WalkIntoTheLight said:


> Panasonic lists Eneloops as good down to -20C. I doubt you see temperatures colder than that in Washinton D.C. I've used them in colder than -20C, and they work fine.
> 
> CR123's will give you more run time, but only if you use fresh ones. If you normally use them until they die, on average your light is only going to be 50% charged (and often much worse than that). With rechargeable cells, you can always pop in a fresh one every day for free.



That's certainly a valid point about a fully charged rechargeable having its full runtime available for use. I do typically keep fresh 123's in my EDC carry light. However, I also own and very much value my SC52 for the reasons you mention and because the performance and build quality are outstanding.


----------



## markr6 (Jan 22, 2015)

Coming next Friday? Fingers crossed...


----------



## StorminMatt (Jan 22, 2015)

WalkIntoTheLight said:


> It's Zebralight's term for active thermal management. Basically, if the light starts getting hot, it lowers output to keep the temperature to an acceptable level (to prevent damage to the LED).



Another important thing about Zebralight's PID control system is that it uses lots of different brightness levels. And it can therefore reduce brightness by differing amounts depending on temperature. This is different from other lights with thermal stepdowns, which reduce to the next lowest user accessible brightness level (ie from high to medium). The advantage of this system is that it protects the light while maintaining the maximum brightness possible, given the current conditions. If it is really cold and/or windy, the light may not even step down.


----------



## shrike2222 (Jan 22, 2015)

So, when will we meet these lights?
zebrlalight.com haven't listed two lights yet.


----------



## Romanko (Jan 28, 2015)

http://www.zebralight.com/SC32w-CR123-Flashlight-Neutral-White_p_159.html
http://www.zebralight.com/SC32-CR123-Flashlight-Cool-White_p_158.html


----------



## KDM (Jan 28, 2015)

SC32W ordered!


----------



## marinemaster (Jan 28, 2015)

Finally on their web site.


----------



## markr6 (Jan 28, 2015)

WOW!!! Almost too small to handle!!

Very cool. I may eventually cave and get one even though I don't like CR123.


----------



## 5S8Zh5 (Jan 28, 2015)

Maybe one is in the mail to selfbuilt. ....  .... Imagine, a review before release!


----------



## Fireclaw18 (Jan 28, 2015)

KDM said:


> SC32W ordered!




Same! :twothumbs


----------



## Ryp (Jan 28, 2015)

66mm, that's insane.


----------



## gunga (Jan 28, 2015)

I've sold most of my CR123 lights so I guess I NEED one to use up my batteries.


----------



## Bad_JuJu (Jan 28, 2015)

Good news! I will be ordering a sc32w shortly.


----------



## Tixx (Jan 28, 2015)

Ordered! Can't wait!


----------



## Lite_me (Jan 28, 2015)

Ordered one too! Hope the switch feels JUST like the one on my SC62W. Oh, and hope the tint is the same too.


----------



## jak (Jan 28, 2015)

Want. I shall name it, "the nub." It's half a centimeter shorter than an Olight S10, which is already one of the smaller side switch lights.

I've gotten so used to, and fond of, the SC62's size that I got rid of my SC52. So I wonder what it will be like to have this thing in my hand.

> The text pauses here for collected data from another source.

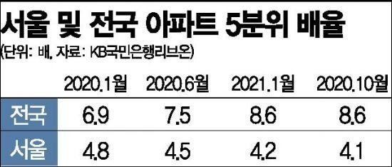 5분위 배율은 주택을 가격순으로 5등분해 상위 20%(5분위) 평균 가격을 하위 20%(1분위) 평균 가격으로 나눈 값이다.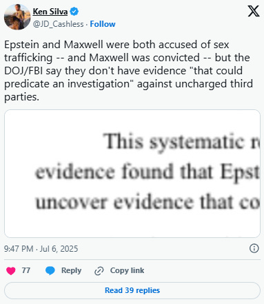“This systematic review revealed no incriminating ‘client list.’ There was also no credible evidence found that Epstein blackmailed prominent individuals as part of his actions. We did not uncover evidence that could predicate an investigation against uncharged third parties,” the unsigned memo said.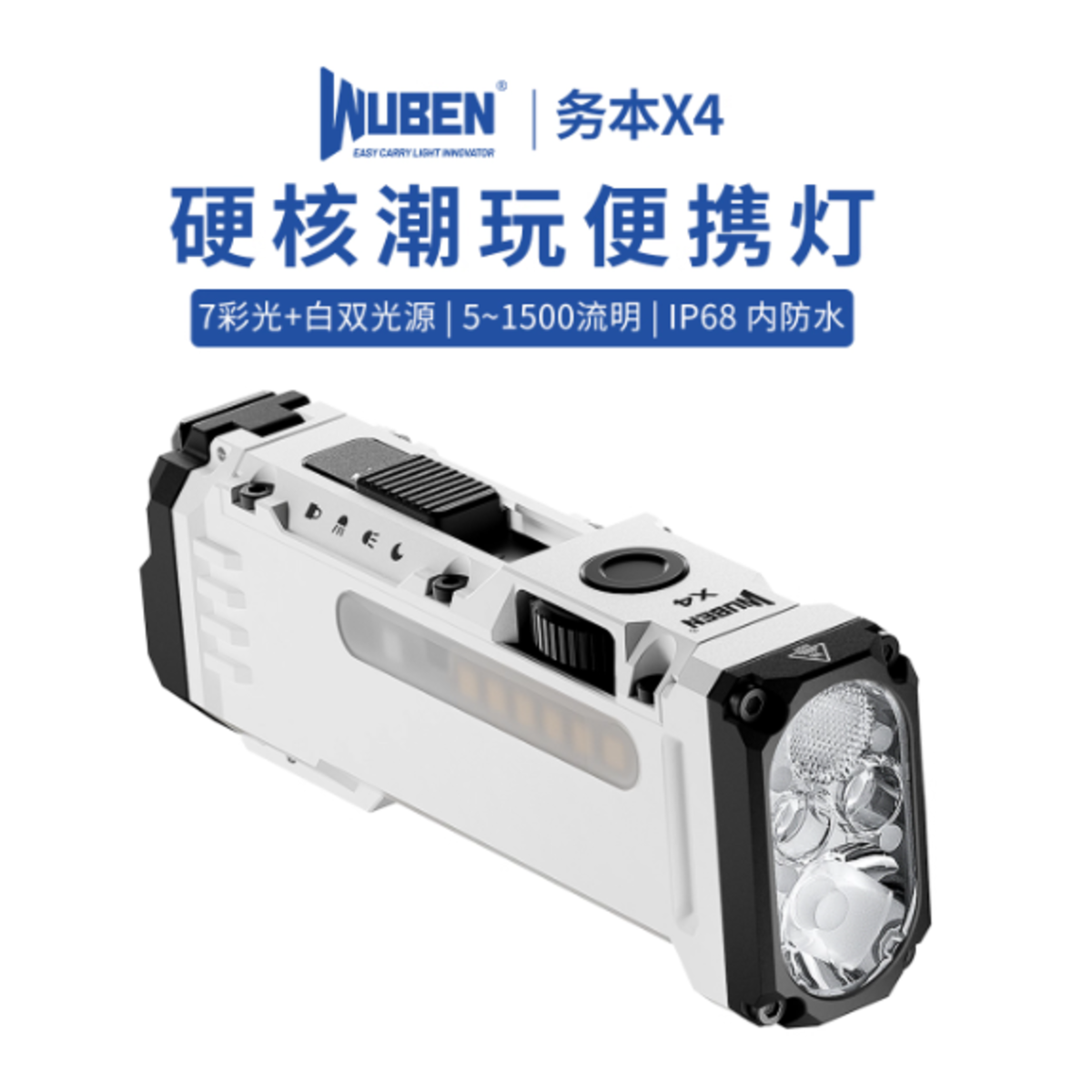 务本X4户外手电筒强光远射侧调光长续航照明RGB磁吸便携防水登山
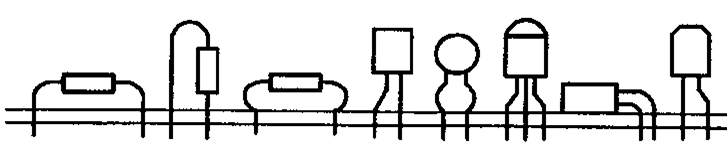 元器件成型大部分需在插装前弯曲成型。弯曲成型的要求取决于元器件本身的封装外形和在印制板上的安装位置。图2.11所示是印制板上的部分元器件成型插装实例。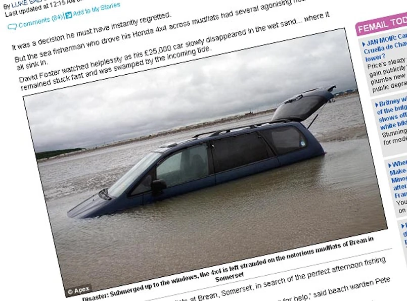 Tej decyzji na pewno będzie żałował. Pewien morski rybak, który wjechał swoją Hondą z napędem na cztery koła na plażę, przeżył kilka męczących godzin, patrząc bezradnie, jak jego auto za 25 tysięcy funtów powoli znika w mokrym piasku, zanim zostało całkowicie zalane przez nadciągający przypływ.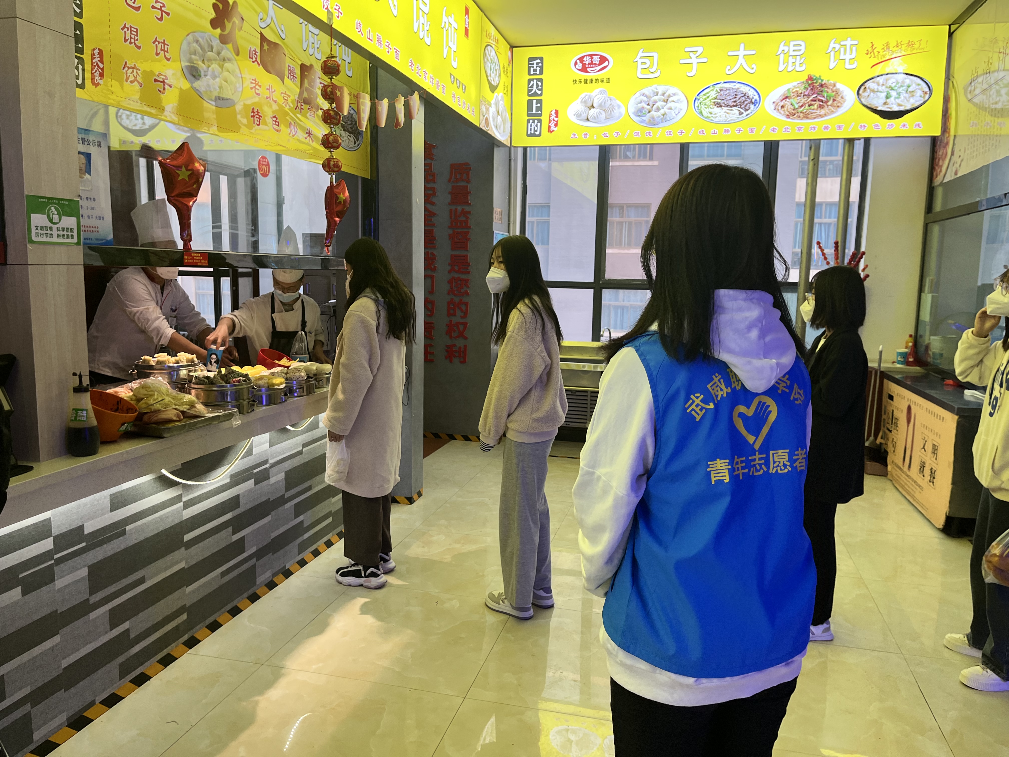 從學(xué)校實(shí)行最小單元宿舍管理開(kāi)始,各學(xué)生組織工作人員分批次、不間斷、輪流值守,他們主動(dòng)亮身份、帶頭當(dāng)先鋒,在校園食堂、水房、超市等人流容易聚集的地方,每天安排志愿者在人流高峰時(shí)間段排班站崗,勸導(dǎo)同學(xué)們遵守疫情防控一米線,不扎堆不聚集,積極佩戴好口罩,做好個(gè)人防護(hù)工作,確保同學(xué)們吃飯、購(gòu)物、打水健康有序進(jìn)行。在對(duì)可能傳入疫情的校園圍欄處開(kāi)展值守勸阻工作,積極勸導(dǎo)學(xué)生不購(gòu)買(mǎi)社會(huì)面商品,堅(jiān)決杜絕疫情從社會(huì)傳入校園,將學(xué)校疫情防控各項(xiàng)措施落細(xì)落實(shí),切實(shí)扛起校園疫情防控責(zé)任。一件件“藍(lán)馬甲”活躍在校園每個(gè)角落,服務(wù)同學(xué)的身影從未間斷,成為校園里一道靚麗的風(fēng)景線,用實(shí)際行動(dòng)詮釋了新時(shí)代武職學(xué)子的責(zé)任與擔(dān)當(dāng)。

Guess it's time to sell one of my other lights so I can pre-order this one. It looks really cool!


----------



## Ryp (Jan 28, 2015)

jak said:


> Want. I shall name it, "the nub." It's half a centimeter shorter than an Olight S10, which is already one of the smaller side switch lights.



The Nitecore EC1 is listed as 65mm on Nitecore's website, but selfbuilt measured it at 68.6mm so I'm not quite sure what to think of that.


----------



## kbuzbee (Jan 31, 2015)

KDM said:


> SC32W ordered!



Yep, me too. I've been on a bit of a hiatus with 123 format lights since the RRT01vn arrived, and THAT one handles 18350s which I like! I really wish the SC32W took them too, but I'm sure it'll be a great little light. Will it unseat the Jetbeam? Time will tell.

Ken


----------



## Tachead (Jan 31, 2015)

Anyone know if Zebralight will offer this in a "D" version with the 85 CRI Luxeon T 5000K emitter?


----------



## mightysparrow (Feb 4, 2015)

I'm probably not going to be able to resist this light - although I know I should save $ and just stick to AA lights and my SC52. However, I can justify an investment into the increased performance of the CR123 batteries, given that I ride the DC area subway system every day! I need a backup for my PD22, don't I....? :thinking:


----------



## henry1960 (Feb 20, 2015)

Just Ordered One Myself...Love The New RunTimes On This One!!:tinfoil:


----------



## KDM (Feb 27, 2015)

Any updates/news on the anticipated release?


----------



## Fireclaw18 (Feb 27, 2015)

KDM said:


> Any updates/news on the anticipated release?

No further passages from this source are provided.